Non-compliance with the labour law regarding payment of minimum wage to workers will now attract a jail term of one year and a fine of up to QR10,000. Earlier, the penalty was one month imprisonment and a fine of QR6,000.

This was revealed by Fahad Al Dossary, Director of the Labor Inspection Department at the Ministry of Administrative Development, Labour and Social Affairs, on Sunday.

He said the decision to determine the minimum wage for foreign workers was issued after a thorough study by the authorities concerned and specialised research centres.

“A national committee concerned was formed and specialised research centres set up to set the minimum wage,” Al Dossary told Qatar TV.

Al Dossary said the minimum wage for the worker was set at QR1,000 as a basic salary. The worker is entitled to a housing allowance of QR500 and food allowance of QR300 if the employer does not provide housing and food. If the employer is providing accommodation and food, then the worker is entitled to a minimum of QR1,000.

He said the objective behind this move is to attract skilled workers, raise the economic level, and enhance the productivity of establishments.

The decision on minimum wage will come into force six months after its publication in the Official Gazette.

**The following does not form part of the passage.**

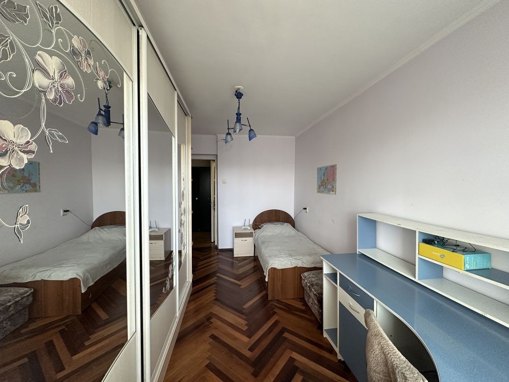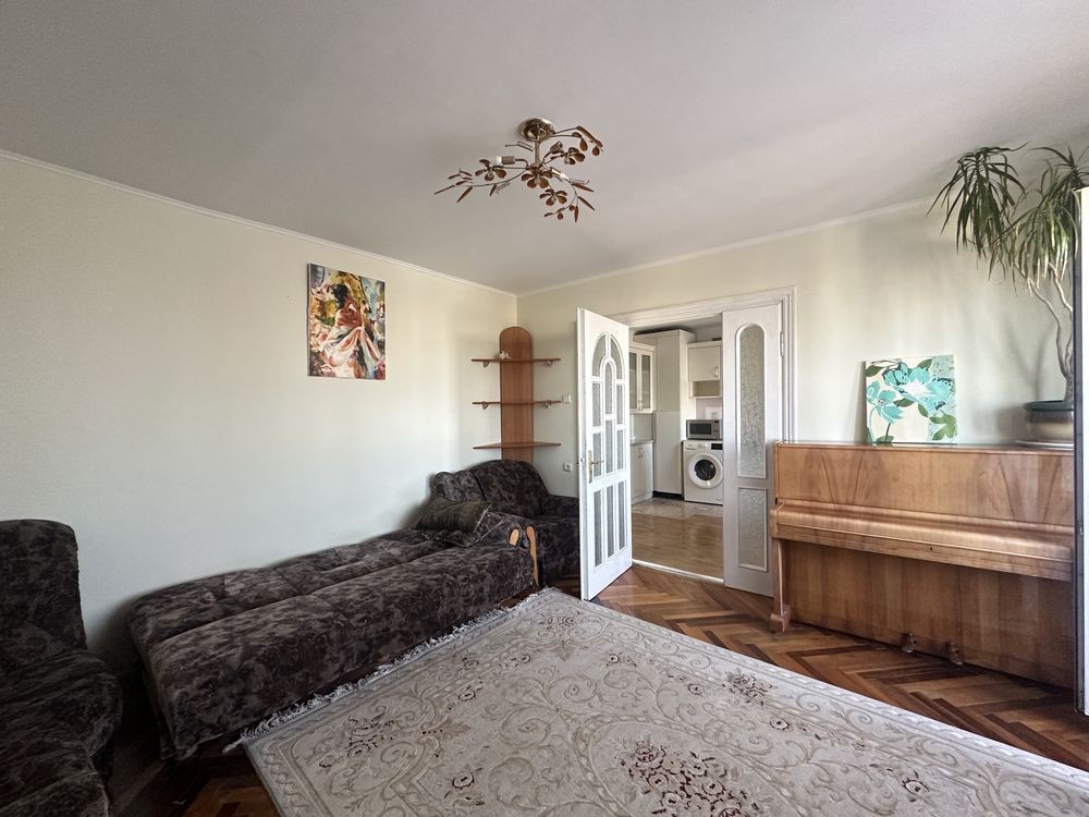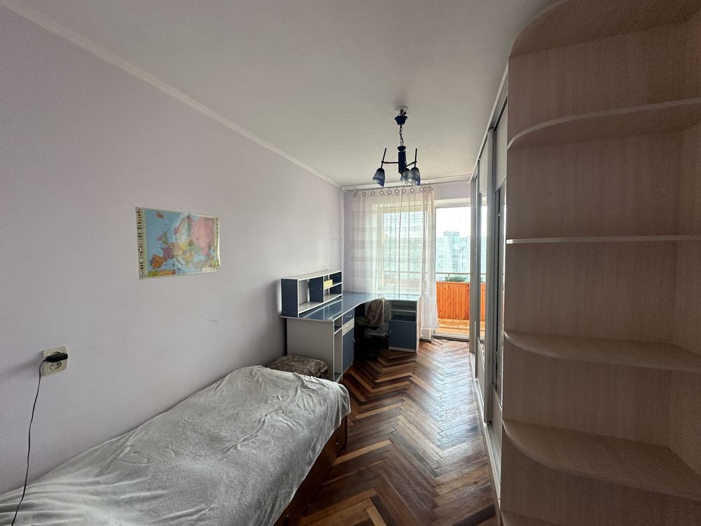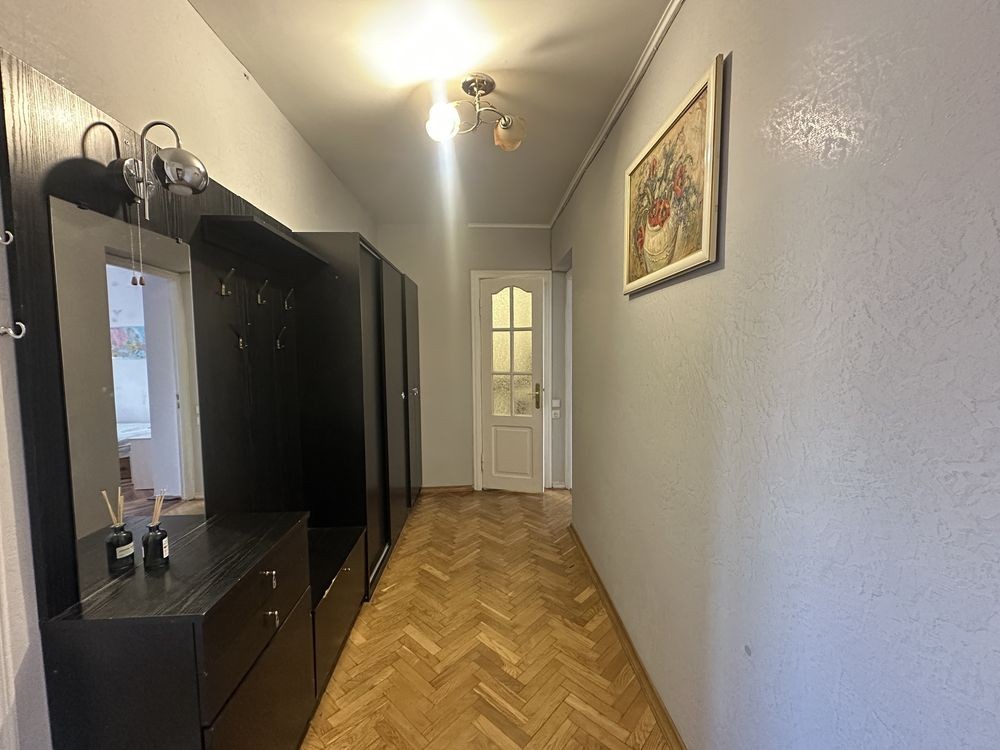 Світла та простора квартира з окремими кімнатами. Зручне планування, паркетна підлога у хорошому стані, великі вікна багато природного світла.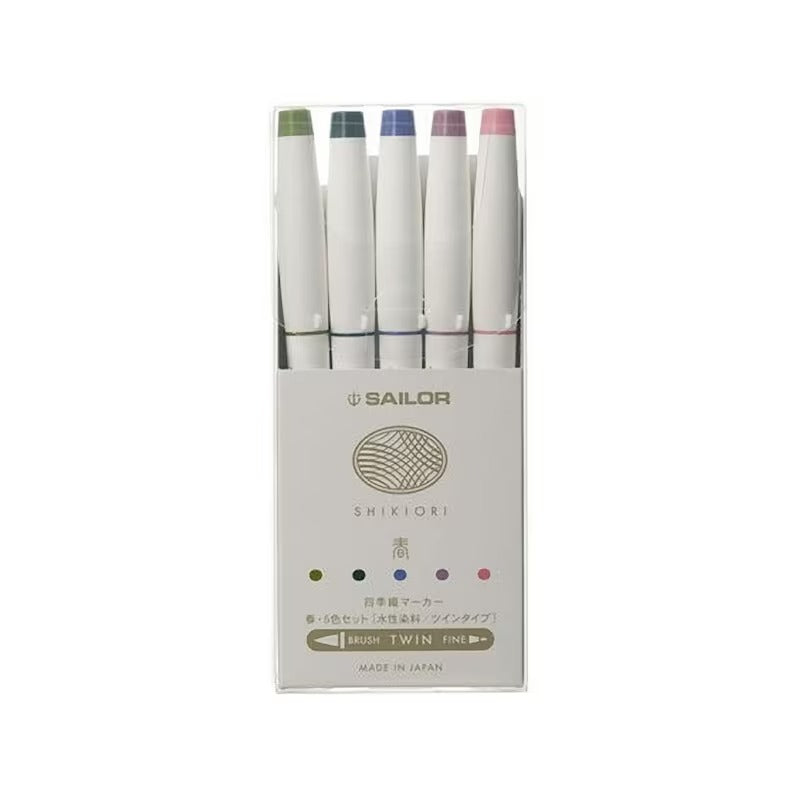 Sailor - Shikiori Calligraphy Brush Pen Set de 5 | Doble punta: Pincel y Fina | Set Primavera

Al Dossary indicated that the new law covers all workers, including domestic workers.

If a worker receives a salary that exceeds the minimum wage, the law will not affect their salaries, he added.

With regard to violation of the conditions and specifications of workers’ accommodation, Al Dosari said the violators will now face imprisonment for a period of six months and a fine of not less than QR2,000 and not more than QR100,000. In case of repeat violation, the penalties will be stiff, he added.

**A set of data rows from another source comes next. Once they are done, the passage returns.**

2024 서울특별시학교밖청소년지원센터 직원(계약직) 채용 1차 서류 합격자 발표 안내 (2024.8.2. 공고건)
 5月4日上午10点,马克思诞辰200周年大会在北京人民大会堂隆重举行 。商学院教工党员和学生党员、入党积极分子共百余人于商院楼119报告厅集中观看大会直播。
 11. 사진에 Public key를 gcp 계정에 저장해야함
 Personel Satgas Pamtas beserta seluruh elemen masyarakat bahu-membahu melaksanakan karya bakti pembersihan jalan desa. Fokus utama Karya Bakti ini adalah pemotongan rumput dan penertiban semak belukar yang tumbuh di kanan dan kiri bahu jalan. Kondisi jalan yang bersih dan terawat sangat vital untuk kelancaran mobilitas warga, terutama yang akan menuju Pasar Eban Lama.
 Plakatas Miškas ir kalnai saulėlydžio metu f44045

For his part, Director of Labor Relations Department Abdullah Al Dossary said the law facilitating the movement of workers has certain controls and conditions, most notably compensation to the former employer, non-competition, and the employee’s commitment to a notice period before changing his workplace.

 

Regarding changing the employer during the probation period, he said the worker has the right to change his workplace during the probation period, provided the new workplace compensates his previous employer ‘by paying part of the cost of recruitment’ and the cost of travel ticket.

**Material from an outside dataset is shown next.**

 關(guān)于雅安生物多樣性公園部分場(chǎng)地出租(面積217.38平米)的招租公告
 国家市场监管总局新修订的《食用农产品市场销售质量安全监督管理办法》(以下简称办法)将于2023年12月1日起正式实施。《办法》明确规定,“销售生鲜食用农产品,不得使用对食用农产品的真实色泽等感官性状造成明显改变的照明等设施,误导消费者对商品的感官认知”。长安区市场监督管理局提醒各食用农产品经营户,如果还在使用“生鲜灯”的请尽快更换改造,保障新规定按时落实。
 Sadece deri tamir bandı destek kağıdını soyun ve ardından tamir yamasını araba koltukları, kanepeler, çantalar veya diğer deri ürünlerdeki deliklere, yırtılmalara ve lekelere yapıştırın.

The worker must give a month’s notice if in the job for two years or less and give two months notice if in the current job for more than two years.

During probation, workers should give at least a one-month notice. The new employer should compensate the former with an agreed payment that does not exceed the equivalent of two months of the worker’s basic wage.

The former employer is entitled to compensation during the probationary period for training fees, recruitment fees, and the value of the travel ticket.

After the probation period, the former employer is entitled to compensation if there is an agreement between the two parties on the training fee.

On the possibility of changing the employer to a competing one, he said there must be a clause stipulated in the work contract about non-competition and there are conditions and controls for competition.

The worker is prohibited from transferring the secrets of the previous employer, and the employee is not allowed to move to a new entity competing with the previous one in the same specialisation and activity, he added.

Regarding the worker leaving Qatar and returning to a new workplace, he said if the worker leaves the country without notifying his employer and completing the notice period, he is not permitted to return to work in Qatar with another employer for one year.

In case of the worker leaving the country following disciplinary termination of his work contract by the employer in accordance with Article 61 of the Labor Law, and the worker abides by the conditions and controls, he can return to work in Qatar again, he added.

On the possibility of the employer canceling the work contract unilaterally, Al Dossary said the employer can terminate the contract with the worker in accordance with the regulations and laws.

He said there are three committees for resolving labour disputes. Each committee is headed by a judge. With the issuance of the new law, the number of labour dispute settlement committees has been increased to facilitate litigation procedures between the two parties.